There are currently two ways to use Lean. The first is to run it from the web: a Javascript version of Lean, a standard library of definitions and theorems, and an editor are actually downloaded to your browser and run there. This provides a quick and convenient way to begin experimenting with the system.
The second way to use Lean is to install and run it natively on your computer. The native version is much faster than the web version, and is more flexible in other ways, too. It comes with an Emacs mode that offers powerful support for writing and debugging proofs, and is much better suited for serious use.
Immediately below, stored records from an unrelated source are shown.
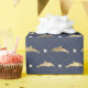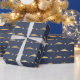 Embalagem de presente de padrão náutico azul e dourado com golfinhos em um padrão de latência.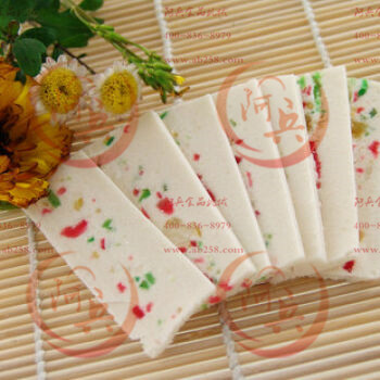 玉带糕是安徽省汉族糕类名特产品,做工讲究,质量上乘。清朝乾隆年间,一品玉带糕作为贡品,乾隆皇帝品尝后啧啧称赞,御封为“一品玉带”,此后声名远扬。玉带糕以冰糖、桃仁、红梅、青梅、桂花、莲子、桔饼、米粉、麻油为原料,经科学方法,采用传统工艺精制而成。黄色的核桃似黄金,绿色的青梅似翡翠,莲子和桔饼如同珍珠玛瑙;四周有米粉镶成的白边,酷象一条玉带。玉带糕不仅香甜可口,而且具有滋阴强身、润肠益气、清炎健胃、生津润肺等功能。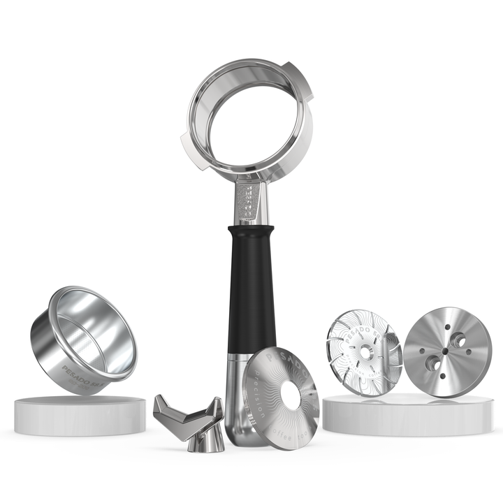 At its heart is the Pesado hybrid portafilter with threaded bottomless body and detachable spouted system, allowing you to toggle between naked and spouted configurations in seconds. Built entirely from premium 304 stainless steel, this tool delivers commercial-grade durability and ideal heat retention.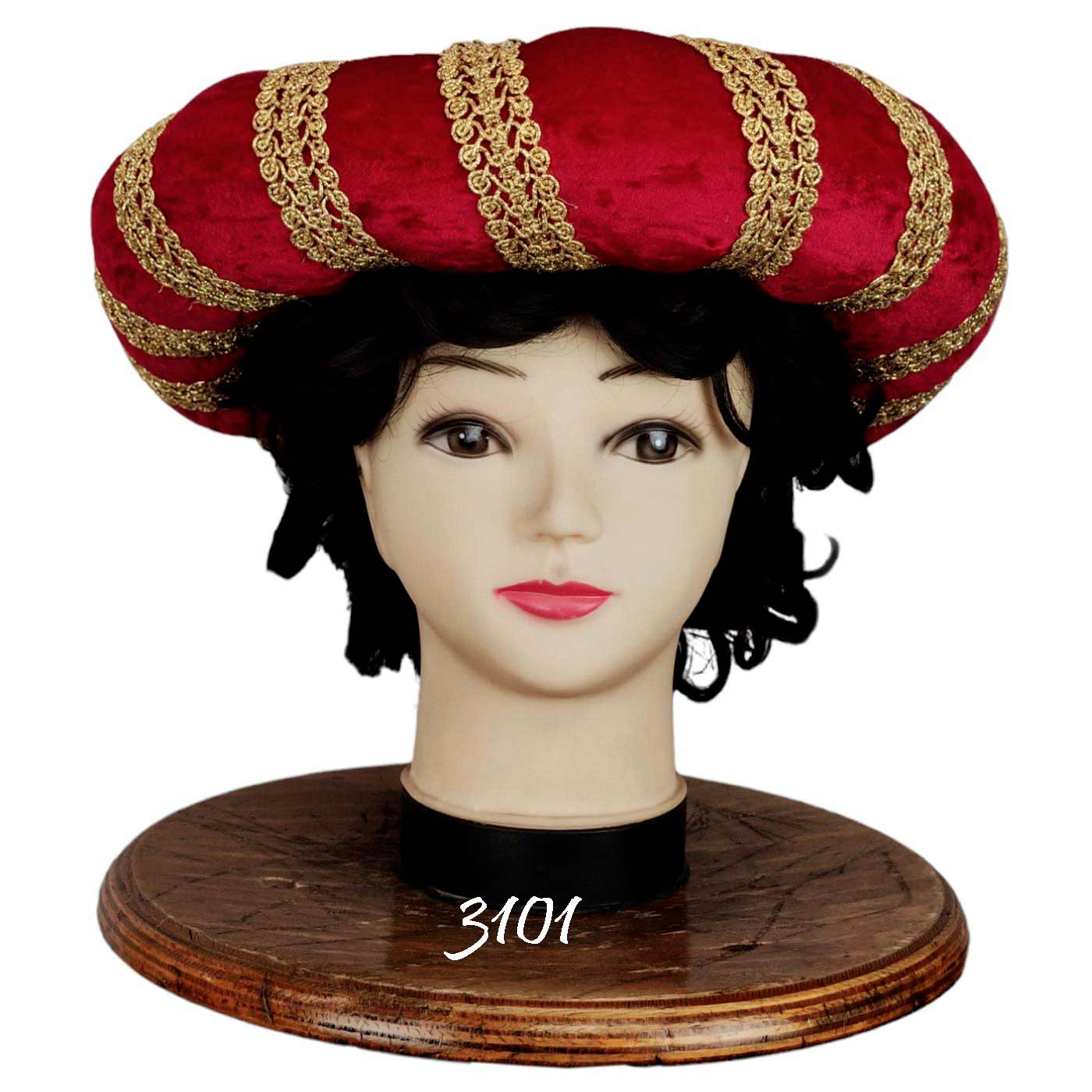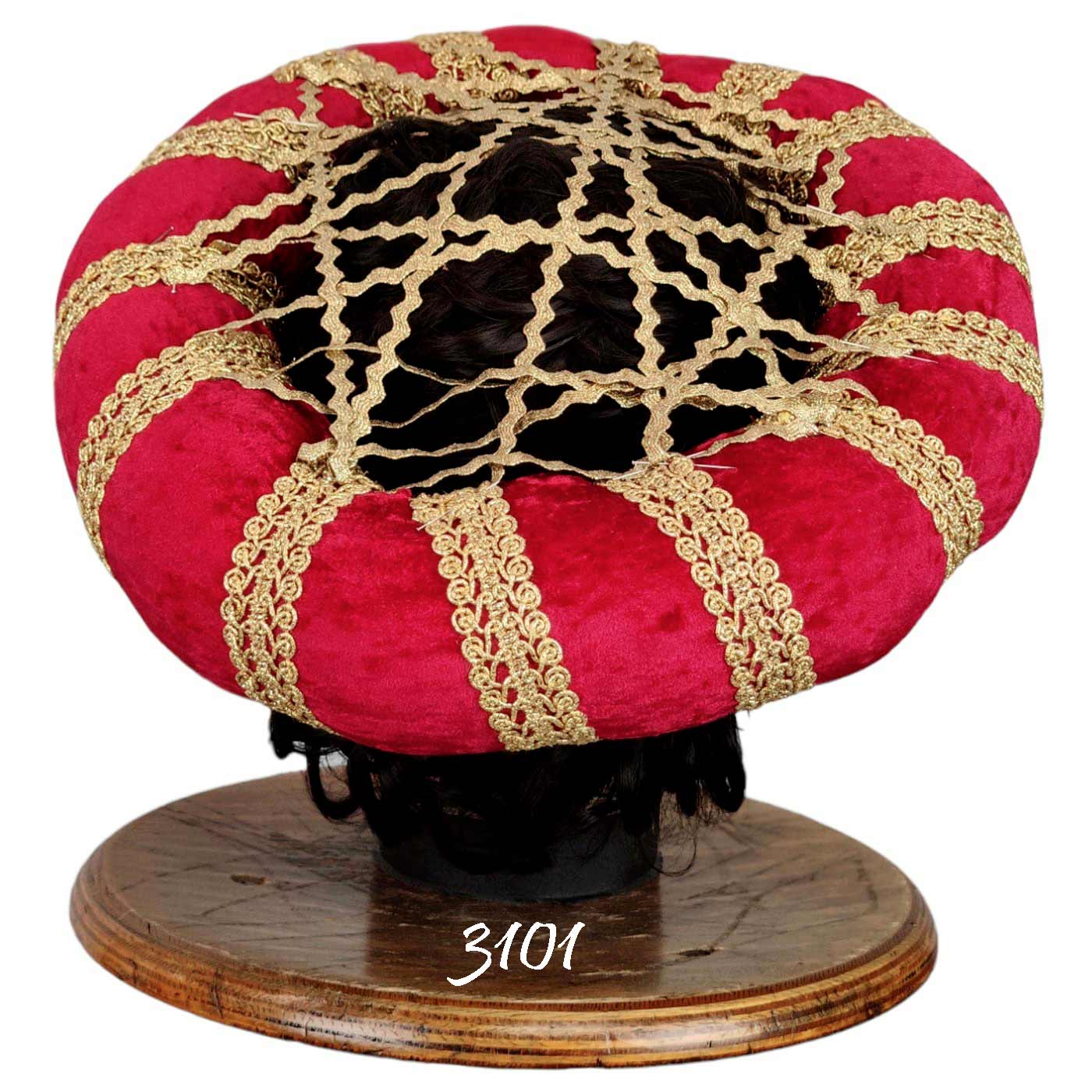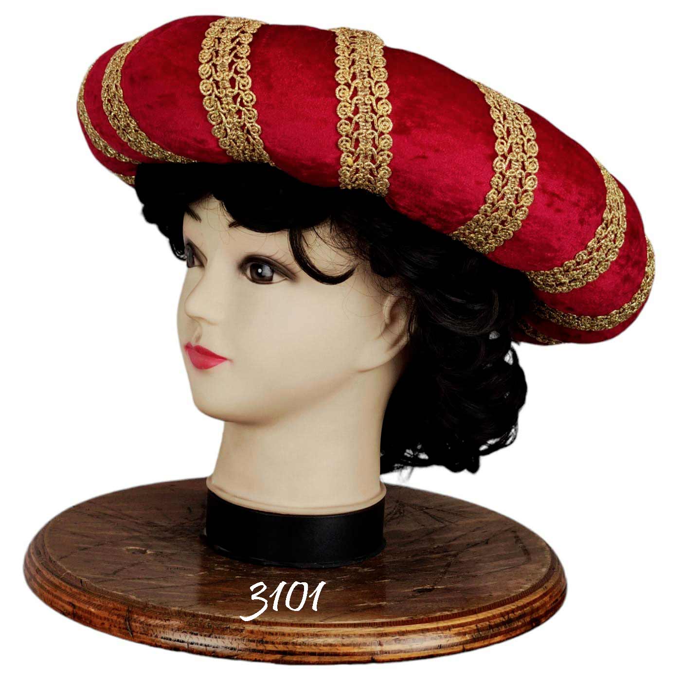Noleggio Copricapo storico donna in velluto rosso con decorazioni dorate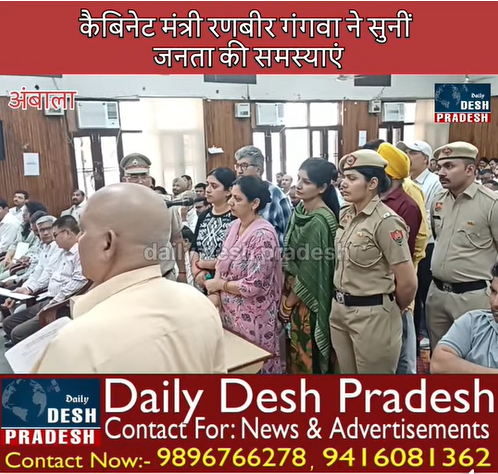अंबाला: कैबिनेट मंत्री रणबीर गंगवा ने ली कष्ट निवारण समिति की बैठक,13 में से 9 शिकायतों का मौके पर निपटारा….…..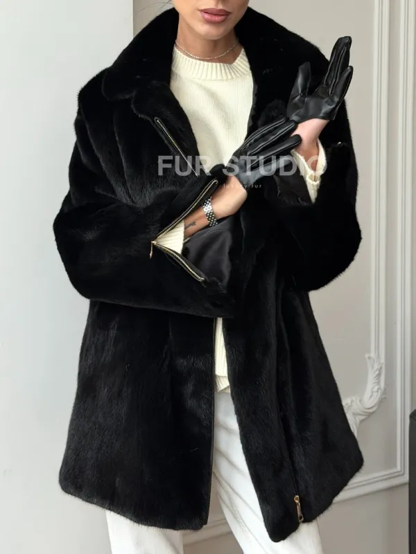 Мех данной шубы аукционная норка , цвет черный. Предлагается в размерах от 42 до 52. Длина модели 70-75 см, что выгодно подчеркивает фигуру девушек. Эта модель идеально подойдет для девушек и женщин, предпочитающих роскошные натуральные меха.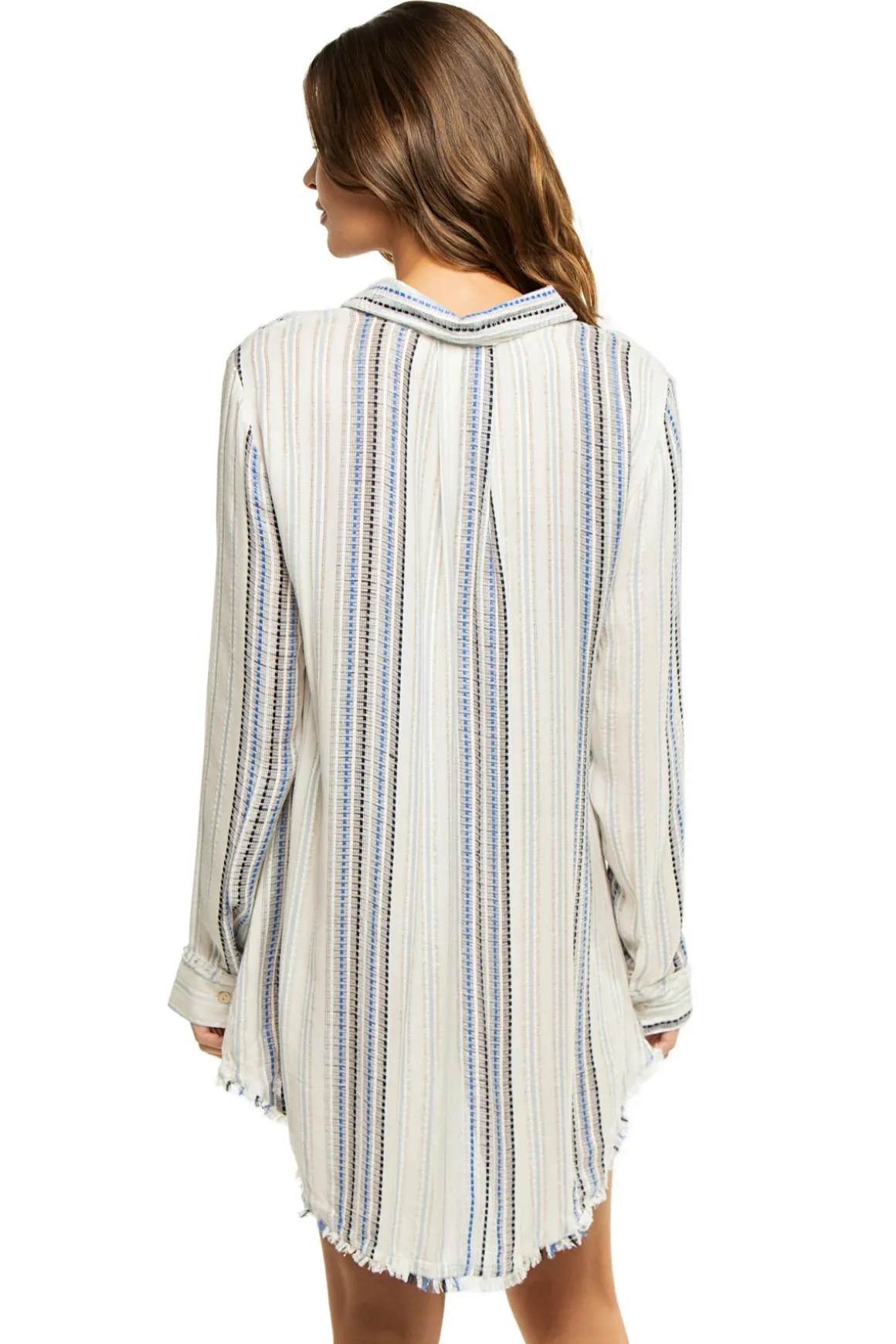 Tunic features a metallic stripe printed fabrication with a button down front, long, relaxed fitting sleeves, a collared neckline, and a playful fringe hem.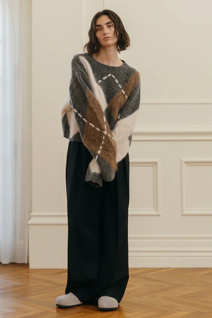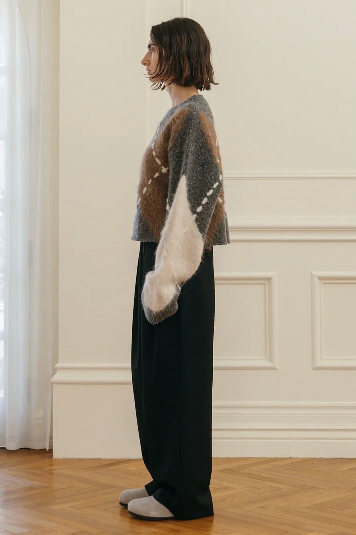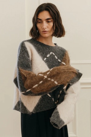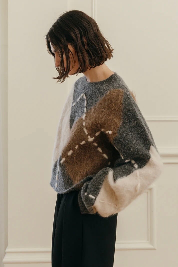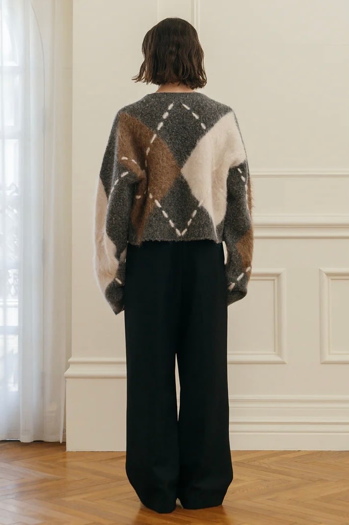 だからこそ、伝統の中に“今”の空気を纏わせた、素材の膨らみや陰影、糸の異なる艶感が交差することで、立体的でモダンなアーガイルに再構築。
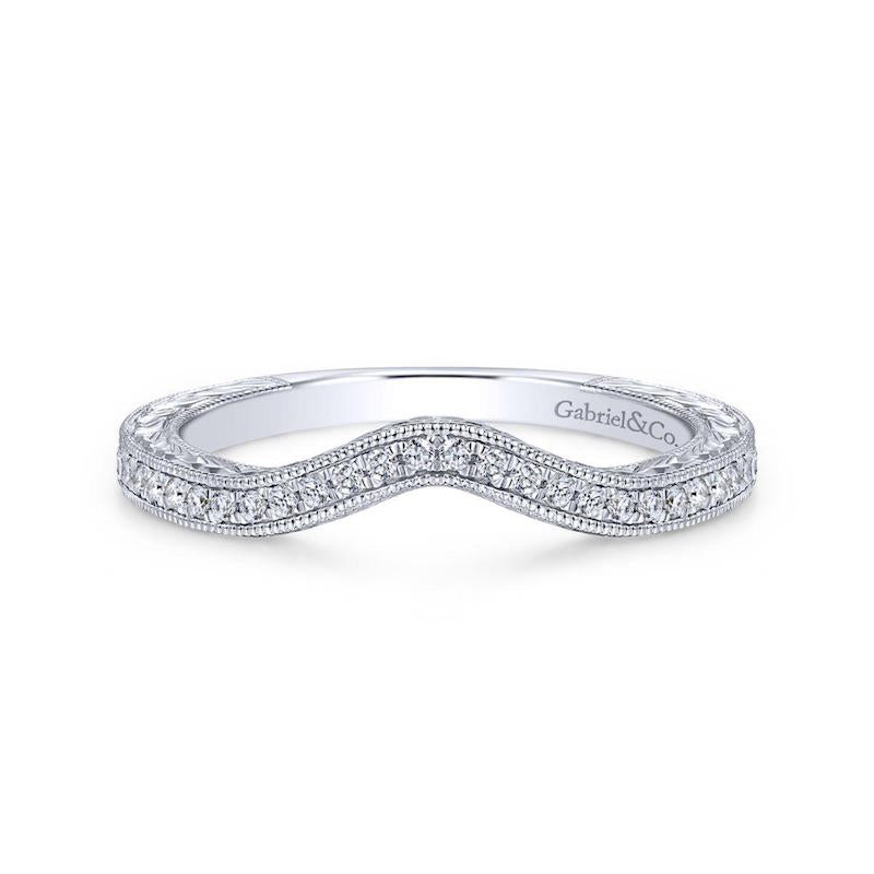 Gabriel & Co. 14k White Gold Victorian Curved Wedding Band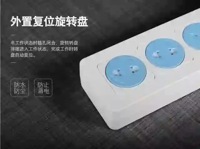 在插座的外部设置外置复位旋转盘,在非工作状态插孔闭合,既能防尘,防溅水,防油,还能防止孩子戳手指造成触电。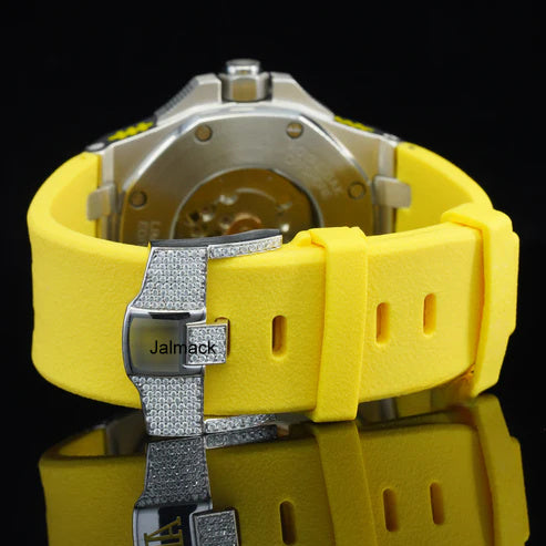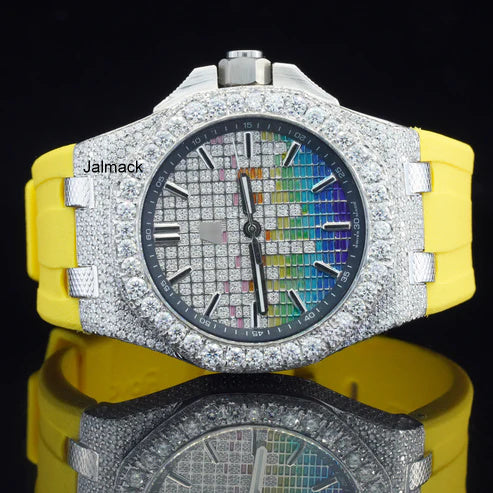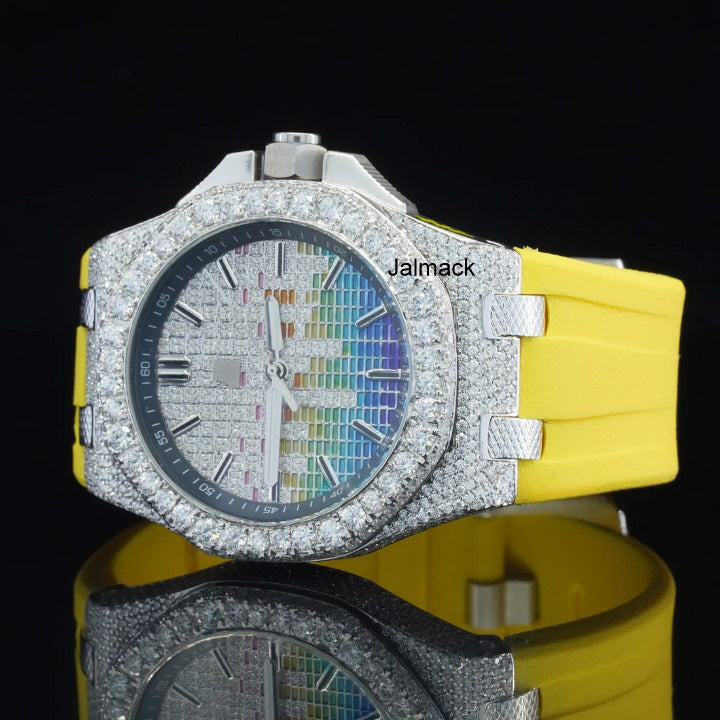 Stainless Steel Iced Out Moissanite Diamond Automatic Rubber Belt Watch, Customized Moissanite Studded Rubber belt Watch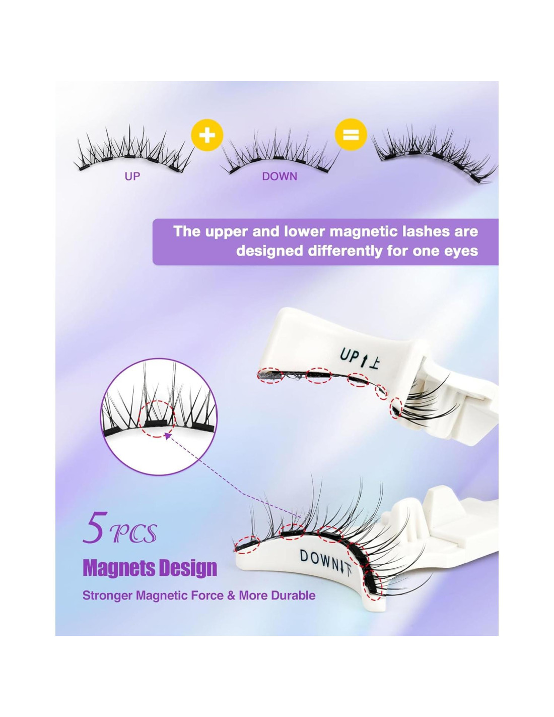 - 5X Sujeción Magnética Más Fuerte: 5 imanes ultra fuertes por pestaña aseguran un ajuste seguro e instantáneo, ¡sin adhesivo necesario! Se mantiene todo el día, incluso con párpados grasos o ojos con pliegues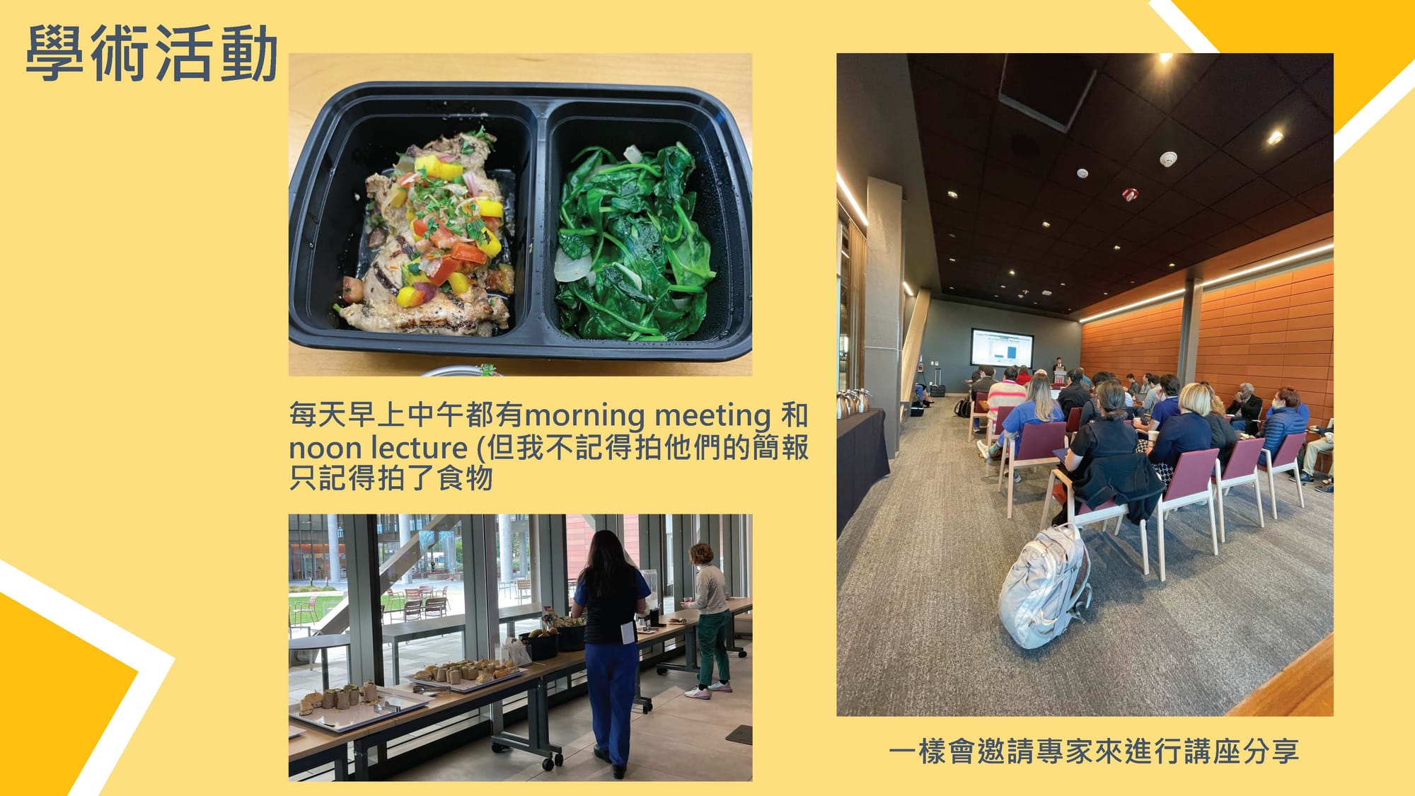 除了臨床實務,醫院也提供豐富的學術資源,如每日的 morning meeting、noon lecture,以及專家講座。在福利方面,實習生也能使用醫院休息室、健身房等設施,R1(第一年住院醫師)甚至每年有4–5週的休假,讓學習與生活得以平衡。

This book is designed to teach you to develop and verify proofs in Lean. There are many aspects to this, some of which are not specific to Lean at all. To start with, we will explain the logical system that underlies Lean’s standard library, a system known as the Calculus of Inductive Constructions\cite{Coquand1988}, or CIC. The CIC is a version of dependent type theory that is powerful enough to prove almost any conventional mathematical theorem, and expressive enough to do it in a natural way. We will explain not only how to define mathematical objects and express mathematical assertions in the CIC, but also how to use CIC as a language for writing proofs. (Lean also supports work in an axiomatic framework for homotopy type theory, which we will discuss in a later chapter.)
Because fully detailed axiomatic proofs are so complicated, the challenge of theorem proving is to have the computer fill in as many of the details as possible. We will describe various methods to support this in dependent type theory. For example, we will discuss term rewriting, and Lean’s automated methods for simplifying terms and expressions automatically. Similarly, we will discuss methods of elaboration and type inference, which can be used to support flexible forms of algebraic reasoning.
Finally, of course, we will discuss features that are specific to Lean, including the language with which you can communicate with the system, and the mechanisms Lean offers for managing complex theories and data.
If you are reading this book within Lean’s online tutorial system, you will see a copy of the Lean editor at right, with an output buffer beneath it. At any point, you can type things into the editor, press the “play” button, and see Lean’s response. Notice that you can resize the various windows if you would like.
Throughout the text you will find examples of Lean code like the one below:
import logic
-- BEGIN
theorem and_commutative (p q : Prop) : p ∧ q → q ∧ p :=
assume Hpq : p ∧ q,
have Hp : p, from and.elim_left Hpq,
have Hq : q, from and.elim_right Hpq,
show q ∧ p, from and.intro Hq Hp
-- END
Once again, if you are reading the book online, you will see a button that reads “try it yourself.” Pressing the button copies the example into the Lean editor with enough surrounding context to make the example compile correctly, and then runs Lean. We recommend running the examples and experimenting with the code on your own as you work through the chapters that follow.